I had spotted the ruins when driving to and from the Chocolate Hills earlier in the week, but at the time I was hurrying to get there or exhausted and ready for bed, so I was pleased to have carved out some time just to go and ogle the ruins. I know it’s tragic that the earthquake destroyed so much, and I’m sure I would have enjoyed seeing the church in it’s glory, because photos really do look lovely, but there is something about ruins being reclaimed by nature that just draws me right in. Even though it’s only been 4 years since the earthquake, the locals have just not been able to raise enough money to complete repairs and other than some scaffolding and a few gates to keep people out, the structure has been left to the onrush of jungle foliage.

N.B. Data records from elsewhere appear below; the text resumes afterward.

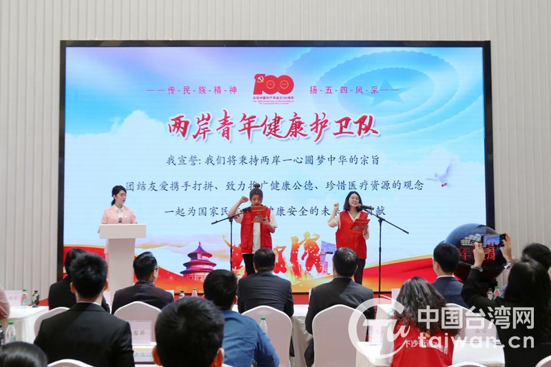 兩岸青年健康護衛隊代表莊嚴宣誓(圖片來源:杭州市臺辦)
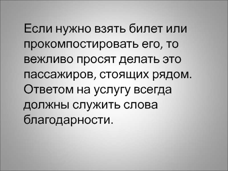 Слайд 21Если нужно взять билет или прокомпостировать его, то вежливо просят делать
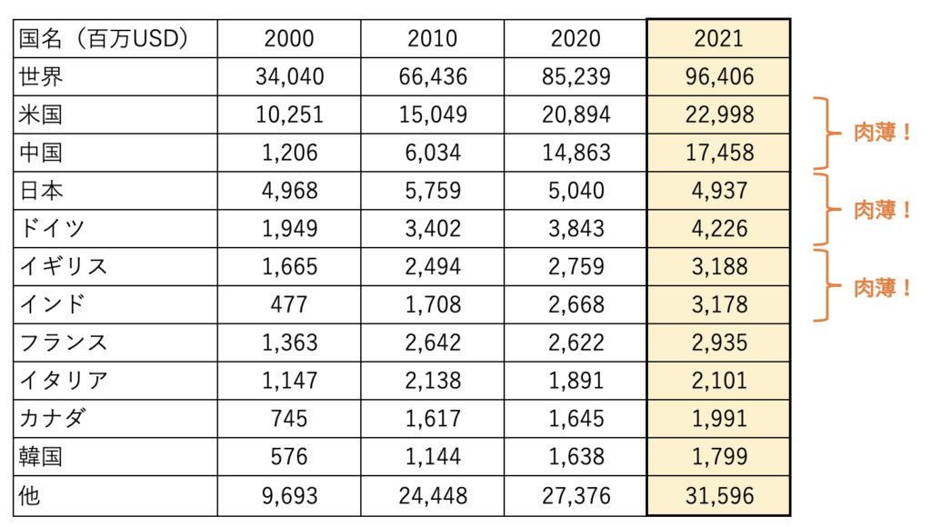 米国と中国の伸びがやばいです。それ以上に日本は1995年以降ほとんど横ばいとなっています。2010年に中国に抜かれましたが、その後は右型下がりになっています。。。なんとも残念な話です。
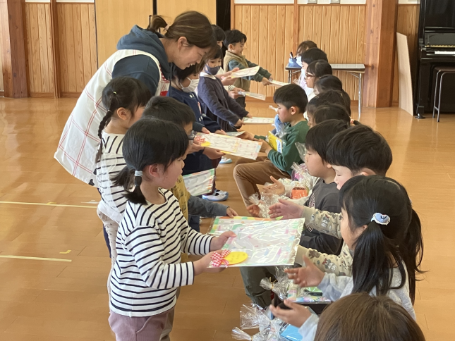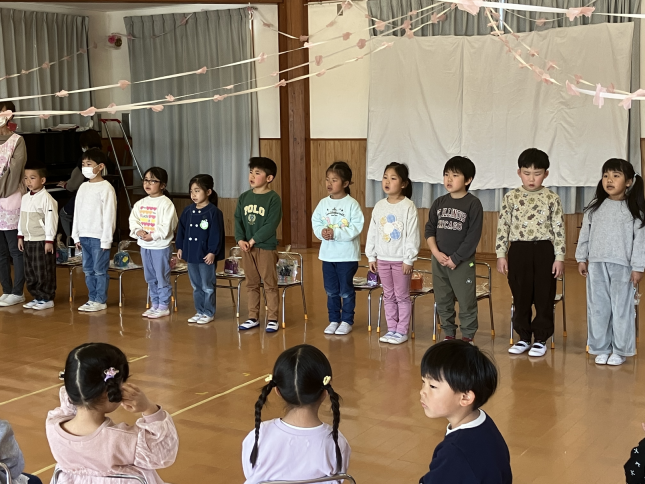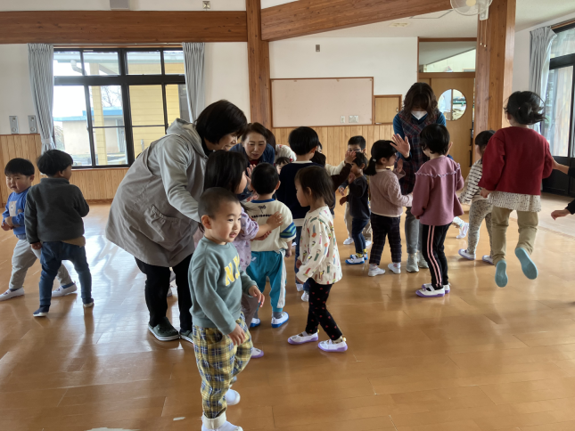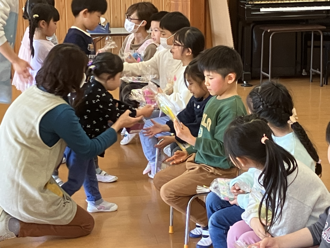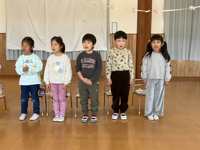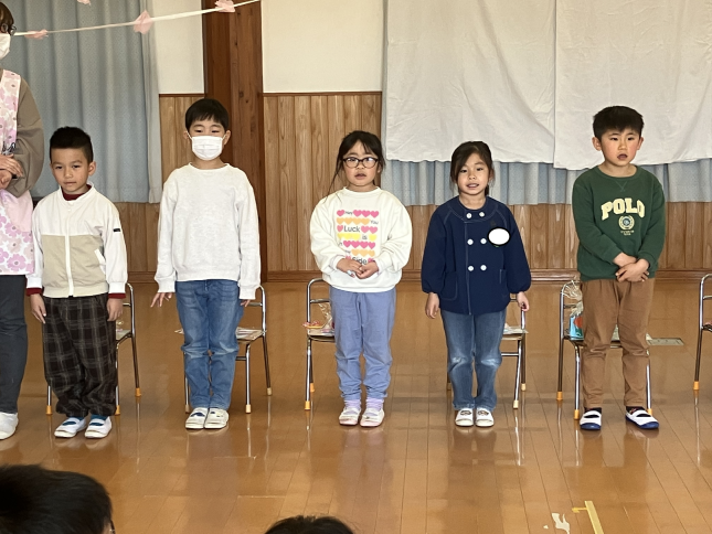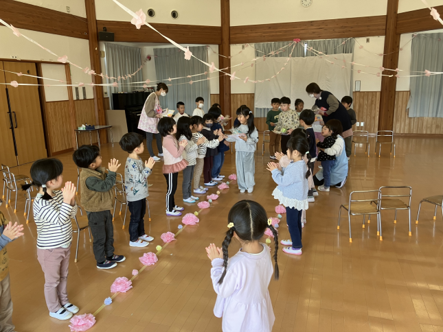 ひまわり組のみんなのお別れ会をしました。たくさんの催しがあり楽しめました。みんなの心のこもった言葉かけや楽しい表情が印象的なお別れ会でした。こうしてお世話になったひまわり組さんのいいところを再確認することは心に深く刻まれますし、もっともっとひまわり組さんを好きになります。
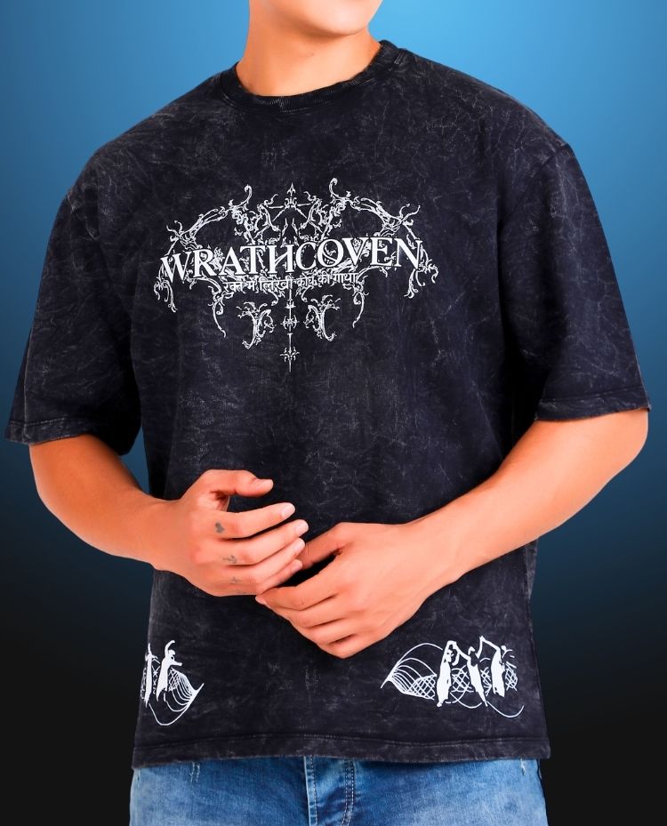 Wrathcoven Acid Wash Oversized Graphic T-Shirt – 𝐁𝐥𝐚𝐜𝐤 𝐒𝐭𝐫𝐞𝐞𝐭𝐰𝐞𝐚𝐫 𝐄𝐝𝐢𝐭𝐢𝐨𝐧
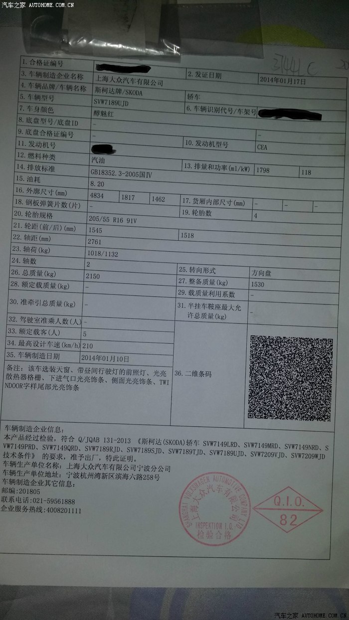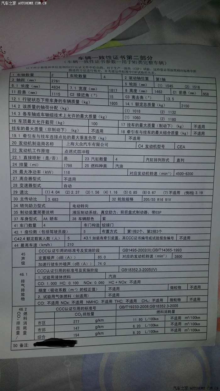 8月18日1.8T雅仕醇魅红提车作业,望能通过认证和申精
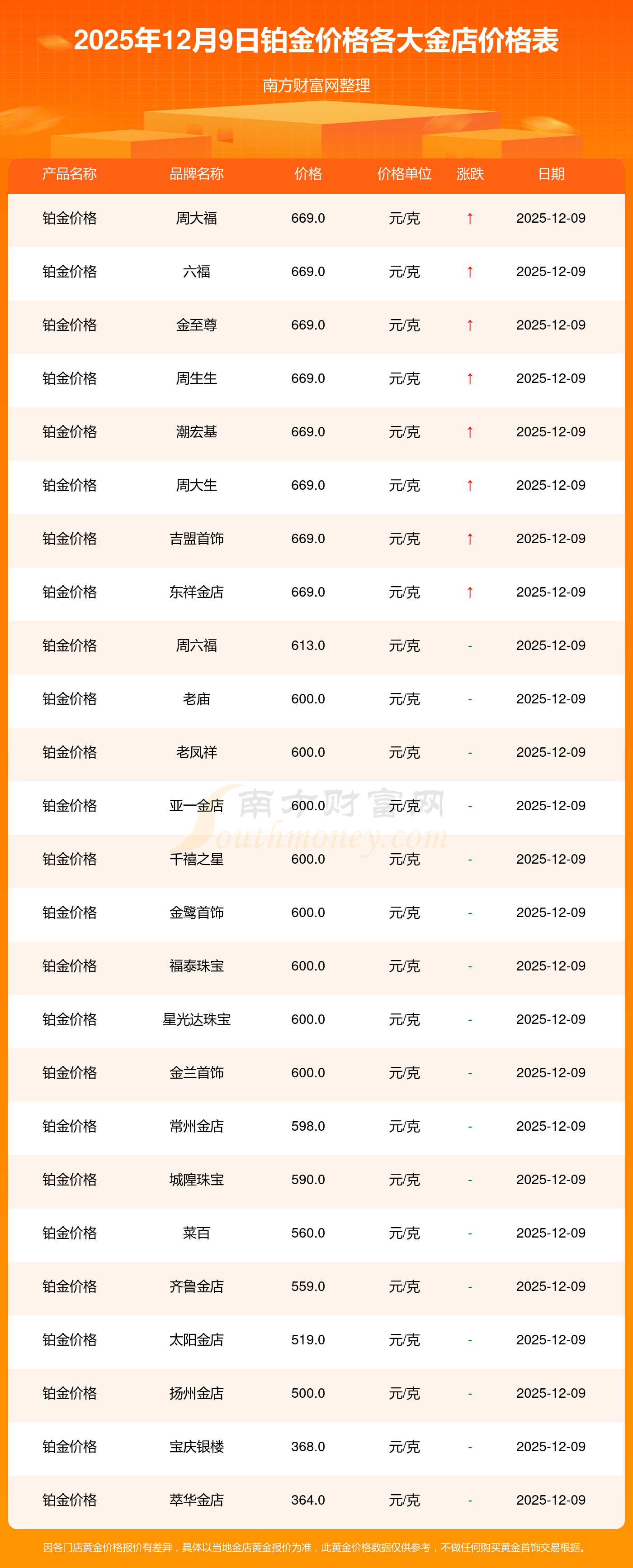 2025年12月9日各大金店鉑金價(jià)格多少1克?各大金店鉑金價(jià)格報(bào)價(jià)表
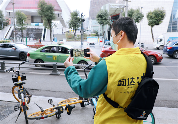成华区快递小哥通过“华仔骑手帮帮团”智慧治理平台上报问题线索。供图 / 成华组

Trees have sprouted in the walls. Ferns and mosses creep across the stone carvings. I peeked in barred windows to see the remains of a baptismal font, and peered through gated doorways to see the interior filled only with more layers of scaffolding. It’s clear that they do not wish to simply leave the church to decay, but very little has been done in the 4 years following the destruction. To me it was the perfect combination of man-made beauty and natural power.

At one point, I moved up close to get a good photo of some carving and I noticed the odd texture of some of the stones in the wall. They seemed to be organic. I know there are some crystalline structures that can appear organic, but these struck me as being especially sea-like and I wondered at the time if the stones may have come from a once-upon-a-time sea floor limestone quarry. I saw more of the same stones in other ruins once I knew what I was looking for, and vowed to find out when I got back. It turns out the answer is fairly simple, and I wasn’t far wrong. It’s not so much an ancient sea bed quarry, as a coral quarry. I had no idea coral could be quarried for building materials, but this happens in several islands in the Caribbean and South Pacific. Sometimes the coral is sliced into roof tiles, sometimes it’s mixed in with other ingredients to make a kind of concrete, and sometimes it’s big enough to hew whole building stones from, leaving some of the churches of Bohol with fascinating fossil structures in their walls.
I spent close to an hour circling around the crumbling church. The detail in the stones, the tiny plants and the hidden carvings and grottoes were entrancing, but eventually the heat and sunshine drove me back to my bike and back on the road where a welcome travel breeze cooled me off once more.

Baclayon Church
I will admit that my itineraries were largely informed by picking a single destination based on interest or reviews, and then examining the map to see what else was labeled on the roads I would be driving. I mean, if you’re in control of your own transportation, there’s no reason not to pull off to at least have a look when passing by landmarks, right? I don’t think I would have gone on a church tour in the Philippines for it’s own sake (although I did go to several in Europe because architecture!), but I’m glad I had the chance to see the buildings.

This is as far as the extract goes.